When I saw the internet live broadcast of the sd&m conference in Summer 2001 in the former German Bundestag I was very impressed. It was in most cases a first opportunity for me to see the faces and listen to the voices of some great people that are famous for their contributions to software development. People like Wirth (Algol, Pascal), Hoare (correctness proofs, concurrency modelling, quicksort), Dijkstra (structured programming, semaphores) etc. A span from the invention of the stack (end of the 50ies) to software design patterns (end of the 90ies) is covered by their inventors. What is taken as given today (like the stack, B-trees, relational databases) of course once had to get invented at one point. To listen about the reasons and environment of those ideas from the mouths of their inventors is very fascinating and enlightning. I have to thank sd&m for organizing this exciting conference and making this private conference available to the general public.
Today I got the fresh printed copy of "Software Pioneers" on my desk and I am impressed again. I knew that sd&m planed to compile a DVD with the conferece broadcasts. But they topped it. They recognized the historic value of the event that happened and took the time to create a high quality book together with the renowned Springer publishing company.

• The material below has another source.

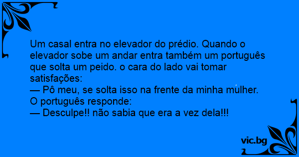 Um casal entra no elevador do prédio. Quando o elevador sobe um andar entra também um português que solta um реidо. o cara do lado vai tomar satisfações:
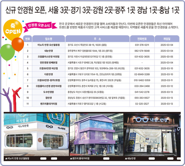 전국 곳곳에서 새로운 안경원이 문을 열며 소비자들과 만난다. 이번에 오픈한 안경원들은 최신 아이웨어 트렌드를 반영한 제품과 다양한 고객 서비스를 제공할 예정이다.

The book contains the edited conference talks and reprints of their classic papers as well (like Dijkstra's "Go To Statement Considered Harmful"). Plus it comes with four DVDs which contain the videos of the talks, plus the slides, plus a software that allows the synchronized presentation of video and presentation slides and web hosted bonus material. The talks in German language come with english subtitling. All very well done. I recommend this work to every software developer who is interested in the history of his profession and wants to attach human faces and voices to the abstract concepts.